Mirror's Edge and Distant Gamelan: Constructing Bridges across the Rifts between the Bahasa Malaysian Population and the Nanyang Chinese in Malaysia
by Dr. Annette Van den Bosch
School of English, Communications and Performance Studies, Faculty of Arts
Monash University

The artists Ahmad Zakii Anwar and Chong Siew Ying are both painters of the human figure but there experience of life as Malaysians, and as artists are different, and so are there audience. Ahmad Zakii Anwar is an older artist, whose rapport with the culture of Bali is represented in the paintings of masks and dancers exhibited as 'Distant Gamelan' in Kuala Lumpur.
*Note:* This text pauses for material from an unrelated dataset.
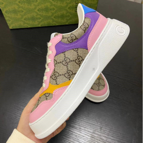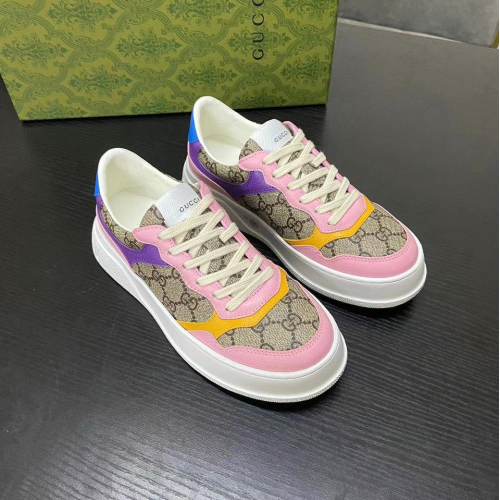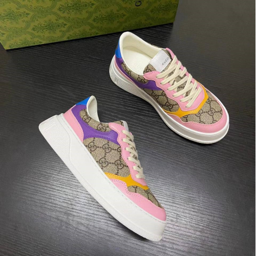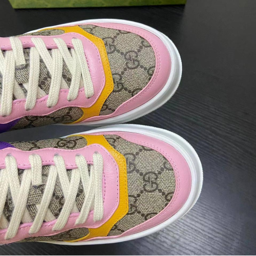 Кеды Gucci бежевого цвета с кожаными вставками розового и фиолетового цвета - обязательный элемент гардероба каждой девушки! Данная модель стильных кед обладает высокой прочностью и износостойкостью. Уникальная пара обуви отлично сочетается как с повседневным, так и спортивным образом. В нашем интернет-магазине вы можете купить копии кед с доставкой по Москве и по всей России.

Chong Siew Ying is a young Chinese woman artist who studied art in Paris and represents the naked human figure, singly or as couples in ways that are ambiguous. The figures convey a sense of displacement due to their lack of context. Although Anwar's masked dances and female dances are located securely in the rituals of Bali , the artist is repeating the journeys made by Nanyang Chinese artists to Bali , in the 1950s, and the ways that their art was influenced by the cross-cultural approach to art by Indonesian artists. I will compare these artists' representations of the human body and the ways in which they bridge the rifts in Malaysian cultural identity.